Strade affollate per lo shopping natalizio dell’ultimo momento, tante e tanti curiosi affacciati ai balconi a osservare lo scorrere del corteo punteggiato dagli zaini giallo Glovo e azzurro Deliveroo, in molti a chiedere perché chi di solito gli consegna la pizza stesse invece bloccando le strade. Rider che lungo il percorso si fermano, smettono di correre per un attimo, annuiscono. C’è chi già sa, chi ascolta, chi si unisce al corteo. Sono presenti componenti della comunità pakistana a Torino, rider in bici o in sella ai loro motorini, solidali e amici che ricordano come Zohaib lavorasse per aiutare la propria famiglia rimasta in Pakistan.
Zohaib in quel momento lavorava per Glovo, multinazionale del food delivery che vive un momento di forte affermazione in Italia, dove nel 2018 ha acquisito Foodora e dove per il prossimo anno punta a triplicare le città in cui è presente, mentre a livello globale ha appena superato il miliardo di quotazione in borsa. Glovo rastrella quindi capitali da ogni angolo del Pianeta, ma per il momento precisa di volersi concentrare sul vecchio continente, dove assumerà diverse centinaia di persone tra sviluppatori, ingegneri informatici, store manager e addetti a imballaggi e logistica, che lavoreranno nei “dark store” – piccoli magazzini nei quali raccogliere le merci più richiesta per velocizzarne lo consegna – e che si andranno ad aggiungere ai già 1500 dipendenti e ai 50mila rider che effettuano consegne di beni di ogni genere, dal cibo ai farmaci, per oltre 5 milioni di utenti attivi.

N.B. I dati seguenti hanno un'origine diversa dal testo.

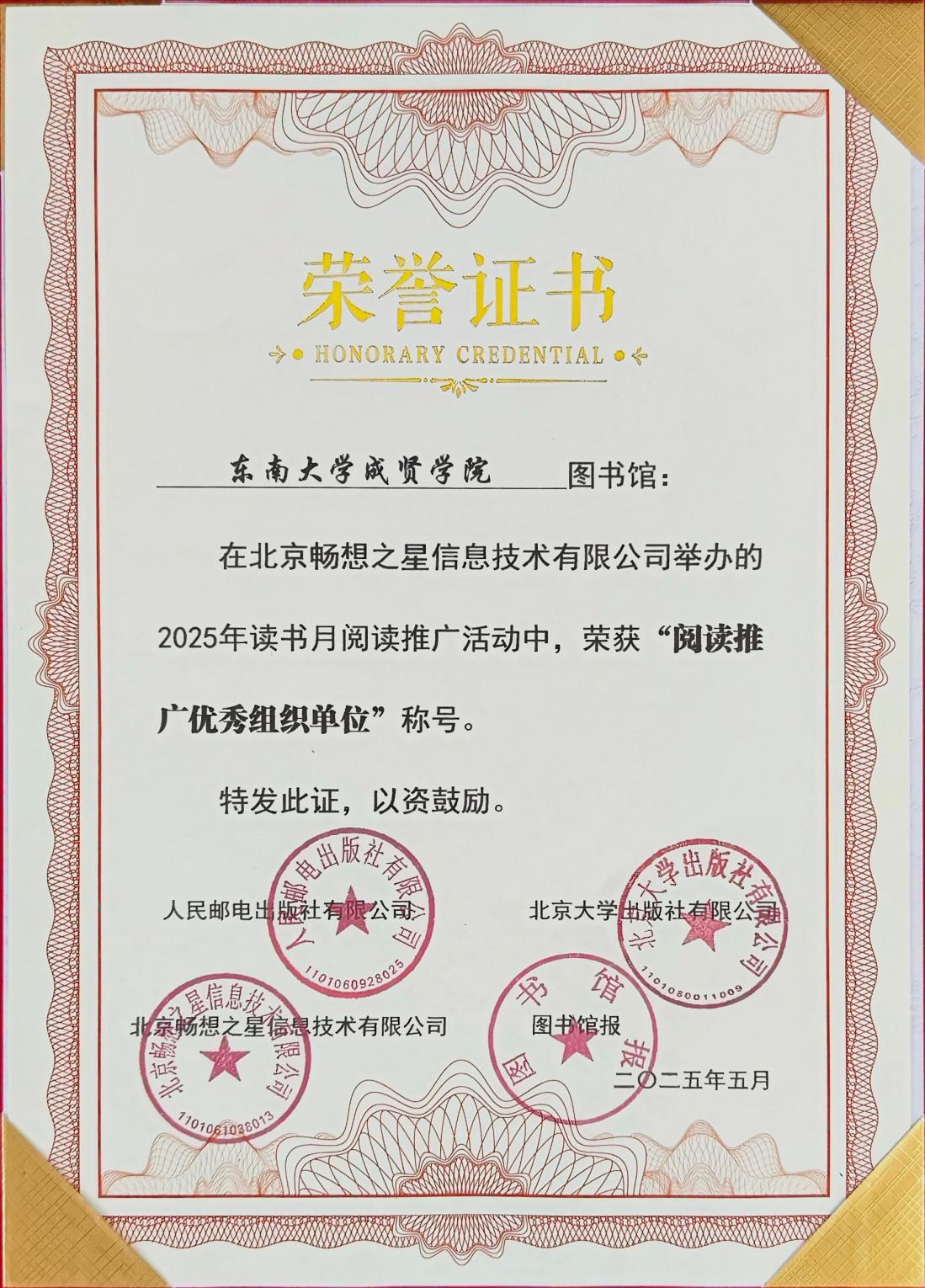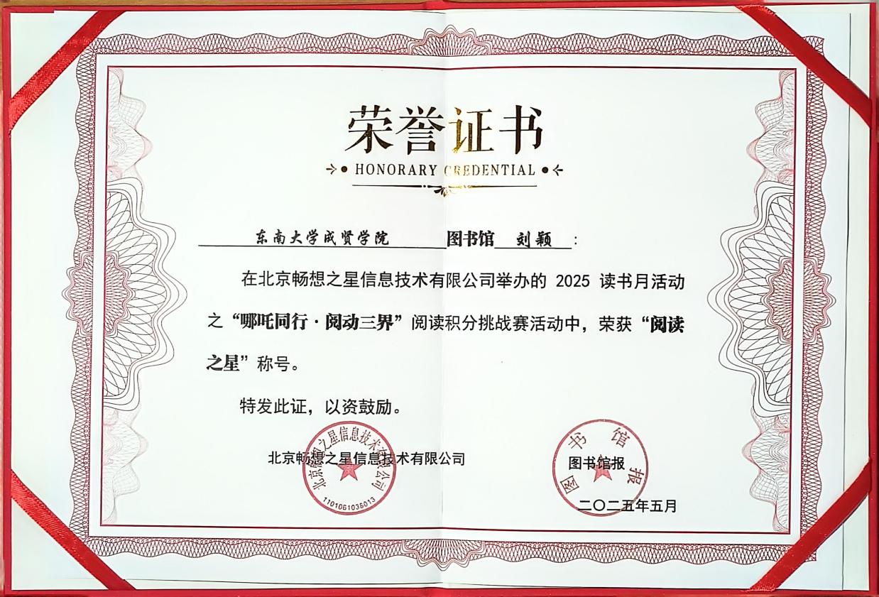 近日,在由北京大学出版社、人民邮电出版社、图书馆报和北京畅想之星共同举办的2025年读书月阅读推广活动中,KY开元制药与化学工程学院23护理1班刘颖同学从全国1552家图书馆的57946位读者中脱颖而出,以第44名的优异成绩荣获“阅读之星”称号。同时,KY开元图书馆凭借出色的组织工作获评“阅读推广优秀组织单位”。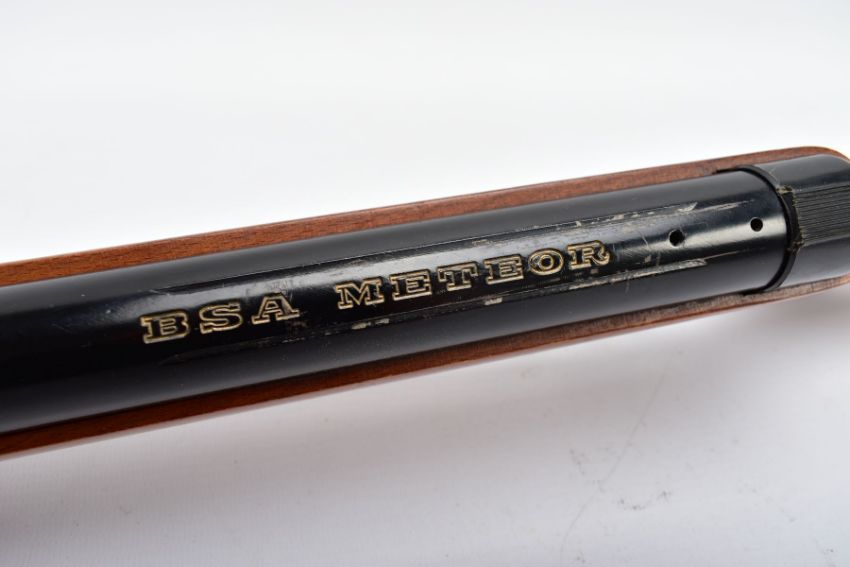 A .22'' B.S.A. METEOR AIR RIFLE serial number TH66665, some areas of varnish loss to stock and general wear and tear, the barrel has areas of scuffing and scratches, it is in working order (PURCHASER MUST BE 18 YEARS OR OLDER)

Zohaib, come migliaia di suoi colleghi rider, è assunto da Glovo con un contratto di collaborazione occasionale, per quella che collaborazione occasionale non è, ed è pagato a cottimo, senza un’assicurazione e senza che gli vengano forniti i necessari dispositivi di sicurezza, né un mezzo con cui lavorare o la possibilità di manutenerlo. Zohaib deve lavorare con qualsiasi clima, gelo o neve o pioggia che siano, 7 giorni su 7, 18 ore su 24. Se rifiuta un ordine, se non ne prende abbastanza, se si ammala, perde punti e quindi ordini e guadagna meno. Ma di che cifre stiamo parlando? Per cosa rischia la vita Zohaib?
Ogni ordine viene pagato 1,60 euro, più 40 centesimi al km di consegna. Questo vuol dire che, se tutto va bene, correndo come matti per la città, si riescono a portare a casa 5-6 euro l’ora, sperando di non farsi male o non avere un incidente. Zohaib deve correre sempre e sempre di più. Se non corri, se non ti prendi dei rischi, se non rischi la vita, non guadagni. Se ti fai male lavorando sono affari tuoi, non c’è assicurazione, non verrai pagato e ti scenderà il punteggio.

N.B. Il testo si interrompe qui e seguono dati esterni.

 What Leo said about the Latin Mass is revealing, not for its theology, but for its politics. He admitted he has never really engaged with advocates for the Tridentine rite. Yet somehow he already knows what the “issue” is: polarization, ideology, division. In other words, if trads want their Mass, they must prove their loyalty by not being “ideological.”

Passato il fine settimana, lunedì mattina, un gruppo di rider si è presentato alla sede di Glovo a Torino, con regolare appuntamento. Hanno trovato le porte sbarrate. La promessa di sedersi a un tavolo, fatta in ospedale, è evaporata nel giro di pochi giorni. Non è la prima volta che i datori di lavoro sfuggono il confronto chiudendo gli uffici e scappando dalla porta sul retro, probabilmente non sarà l’ultima volta per chi sta tentando sistematicamente di spersonalizzare i rapporti lavorativi come forma di maggiore controllo e potere. Anche in questo caso è nato un corteo spontaneo che ha riattraversato la città dirigendosi verso il centro.
Intanto lo scorso mese è nato l’Osservatorio Incidenti Rider Food Delivery che, con una statistica aggiornata a fine ottobre, riporta i sinistri stradali occorsi a rider con conseguenze gravi, sia in bici che su motocicli, riportando un quadro che vede la maggior parte degli incidenti avvenire a Milano – dove la situazione è talmente grave da aver portato ad aprire un’indagine – e che da marzo 2018 riporta in tutta Italia sette rider morti mentre lavoravano.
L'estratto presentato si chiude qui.